*What this task involves*
Print, exactly as written, every line from the first line of the records below through the line containing "많은 고양이들은 사람의", and nothing further.

====== Exercise data

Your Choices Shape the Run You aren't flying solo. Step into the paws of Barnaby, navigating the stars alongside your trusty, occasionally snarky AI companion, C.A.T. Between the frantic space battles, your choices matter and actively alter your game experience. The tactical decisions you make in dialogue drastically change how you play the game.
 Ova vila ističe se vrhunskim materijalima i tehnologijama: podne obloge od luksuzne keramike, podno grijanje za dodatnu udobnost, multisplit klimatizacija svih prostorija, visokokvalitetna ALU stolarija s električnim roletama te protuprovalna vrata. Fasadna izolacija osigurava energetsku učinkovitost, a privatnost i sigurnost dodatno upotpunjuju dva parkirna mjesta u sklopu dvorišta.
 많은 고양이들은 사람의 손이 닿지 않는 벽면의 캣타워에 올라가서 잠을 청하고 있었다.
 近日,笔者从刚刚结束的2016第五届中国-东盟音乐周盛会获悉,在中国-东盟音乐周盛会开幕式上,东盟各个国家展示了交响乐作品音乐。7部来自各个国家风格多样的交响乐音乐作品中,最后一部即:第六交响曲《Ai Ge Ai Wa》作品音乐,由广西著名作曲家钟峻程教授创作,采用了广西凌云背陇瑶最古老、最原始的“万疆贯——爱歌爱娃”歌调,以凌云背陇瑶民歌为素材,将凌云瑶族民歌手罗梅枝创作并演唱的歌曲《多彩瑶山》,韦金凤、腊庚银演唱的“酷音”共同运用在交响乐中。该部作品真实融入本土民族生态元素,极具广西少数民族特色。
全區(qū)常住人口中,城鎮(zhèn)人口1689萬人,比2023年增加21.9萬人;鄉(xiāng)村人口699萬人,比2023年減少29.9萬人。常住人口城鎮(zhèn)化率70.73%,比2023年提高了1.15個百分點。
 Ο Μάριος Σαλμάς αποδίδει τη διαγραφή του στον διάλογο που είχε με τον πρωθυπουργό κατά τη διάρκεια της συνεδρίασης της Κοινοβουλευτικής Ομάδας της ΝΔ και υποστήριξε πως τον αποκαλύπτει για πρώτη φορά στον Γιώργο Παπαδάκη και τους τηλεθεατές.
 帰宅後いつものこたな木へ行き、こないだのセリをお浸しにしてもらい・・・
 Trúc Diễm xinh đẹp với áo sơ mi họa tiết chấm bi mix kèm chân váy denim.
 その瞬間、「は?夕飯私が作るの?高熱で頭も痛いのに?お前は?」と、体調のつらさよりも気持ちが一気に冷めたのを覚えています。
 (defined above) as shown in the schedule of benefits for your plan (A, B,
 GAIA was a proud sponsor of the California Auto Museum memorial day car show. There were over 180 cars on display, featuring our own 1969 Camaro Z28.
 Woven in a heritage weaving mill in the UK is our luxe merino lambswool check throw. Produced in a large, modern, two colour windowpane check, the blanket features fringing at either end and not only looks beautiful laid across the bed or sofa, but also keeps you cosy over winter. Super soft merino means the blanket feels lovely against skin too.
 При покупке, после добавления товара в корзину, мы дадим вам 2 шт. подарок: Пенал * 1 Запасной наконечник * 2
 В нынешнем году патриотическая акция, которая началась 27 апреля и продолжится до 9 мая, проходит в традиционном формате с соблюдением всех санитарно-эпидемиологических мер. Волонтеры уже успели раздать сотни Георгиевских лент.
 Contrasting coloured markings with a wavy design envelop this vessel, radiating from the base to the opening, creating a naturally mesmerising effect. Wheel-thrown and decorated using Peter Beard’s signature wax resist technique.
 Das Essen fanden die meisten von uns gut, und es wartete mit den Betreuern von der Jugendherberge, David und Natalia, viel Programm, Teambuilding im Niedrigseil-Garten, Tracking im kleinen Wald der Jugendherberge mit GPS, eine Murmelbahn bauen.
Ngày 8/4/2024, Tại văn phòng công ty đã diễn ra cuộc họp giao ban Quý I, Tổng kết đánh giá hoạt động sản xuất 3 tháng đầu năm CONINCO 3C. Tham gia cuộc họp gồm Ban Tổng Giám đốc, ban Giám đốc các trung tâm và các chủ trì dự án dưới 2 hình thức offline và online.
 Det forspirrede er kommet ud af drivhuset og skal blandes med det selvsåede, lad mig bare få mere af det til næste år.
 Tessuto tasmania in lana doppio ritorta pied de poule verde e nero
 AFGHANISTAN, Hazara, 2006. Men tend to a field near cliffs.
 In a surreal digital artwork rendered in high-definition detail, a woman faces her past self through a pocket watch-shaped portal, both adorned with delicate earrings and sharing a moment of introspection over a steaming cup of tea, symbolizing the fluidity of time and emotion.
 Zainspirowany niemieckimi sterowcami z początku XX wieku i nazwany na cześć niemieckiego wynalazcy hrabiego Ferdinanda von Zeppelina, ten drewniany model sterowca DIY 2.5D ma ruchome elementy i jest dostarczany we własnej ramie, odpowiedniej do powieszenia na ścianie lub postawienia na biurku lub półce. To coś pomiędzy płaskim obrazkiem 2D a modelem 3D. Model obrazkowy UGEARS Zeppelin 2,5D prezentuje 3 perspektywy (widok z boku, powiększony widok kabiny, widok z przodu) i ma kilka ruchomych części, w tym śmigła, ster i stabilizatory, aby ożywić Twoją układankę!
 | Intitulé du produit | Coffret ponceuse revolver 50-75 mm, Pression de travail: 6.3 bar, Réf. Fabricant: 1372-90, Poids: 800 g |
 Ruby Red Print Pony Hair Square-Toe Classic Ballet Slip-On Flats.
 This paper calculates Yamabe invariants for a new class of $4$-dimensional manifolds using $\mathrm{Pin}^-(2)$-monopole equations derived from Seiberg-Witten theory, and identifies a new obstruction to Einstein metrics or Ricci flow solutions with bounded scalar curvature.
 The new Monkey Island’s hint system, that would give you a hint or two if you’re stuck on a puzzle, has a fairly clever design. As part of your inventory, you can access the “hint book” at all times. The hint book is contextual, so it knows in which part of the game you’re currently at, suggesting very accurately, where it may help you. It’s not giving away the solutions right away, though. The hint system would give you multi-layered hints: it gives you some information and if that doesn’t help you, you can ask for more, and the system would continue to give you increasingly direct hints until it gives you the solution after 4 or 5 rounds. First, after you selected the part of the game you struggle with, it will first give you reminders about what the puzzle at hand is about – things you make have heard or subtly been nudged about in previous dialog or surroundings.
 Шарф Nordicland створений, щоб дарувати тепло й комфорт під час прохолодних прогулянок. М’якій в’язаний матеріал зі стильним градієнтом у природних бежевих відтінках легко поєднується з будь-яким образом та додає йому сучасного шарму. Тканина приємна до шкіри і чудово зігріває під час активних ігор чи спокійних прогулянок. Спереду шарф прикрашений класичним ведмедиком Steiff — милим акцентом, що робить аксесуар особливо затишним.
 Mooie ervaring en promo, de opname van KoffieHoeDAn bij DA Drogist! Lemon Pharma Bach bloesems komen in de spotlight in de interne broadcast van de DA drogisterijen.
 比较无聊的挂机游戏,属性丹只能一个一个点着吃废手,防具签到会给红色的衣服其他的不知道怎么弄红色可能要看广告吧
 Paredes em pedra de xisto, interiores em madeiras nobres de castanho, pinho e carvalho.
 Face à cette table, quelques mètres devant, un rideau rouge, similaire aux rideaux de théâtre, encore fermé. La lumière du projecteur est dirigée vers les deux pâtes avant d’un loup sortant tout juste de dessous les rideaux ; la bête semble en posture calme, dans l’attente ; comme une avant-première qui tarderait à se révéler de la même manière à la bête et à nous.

============

*Solution to this task*
Your Choices Shape the Run You aren't flying solo. Step into the paws of Barnaby, navigating the stars alongside your trusty, occasionally snarky AI companion, C.A.T. Between the frantic space battles, your choices matter and actively alter your game experience. The tactical decisions you make in dialogue drastically change how you play the game.
 Ova vila ističe se vrhunskim materijalima i tehnologijama: podne obloge od luksuzne keramike, podno grijanje za dodatnu udobnost, multisplit klimatizacija svih prostorija, visokokvalitetna ALU stolarija s električnim roletama te protuprovalna vrata. Fasadna izolacija osigurava energetsku učinkovitost, a privatnost i sigurnost dodatno upotpunjuju dva parkirna mjesta u sklopu dvorišta.
 많은 고양이들은 사람의 손이 닿지 않는 벽면의 캣타워에 올라가서 잠을 청하고 있었다.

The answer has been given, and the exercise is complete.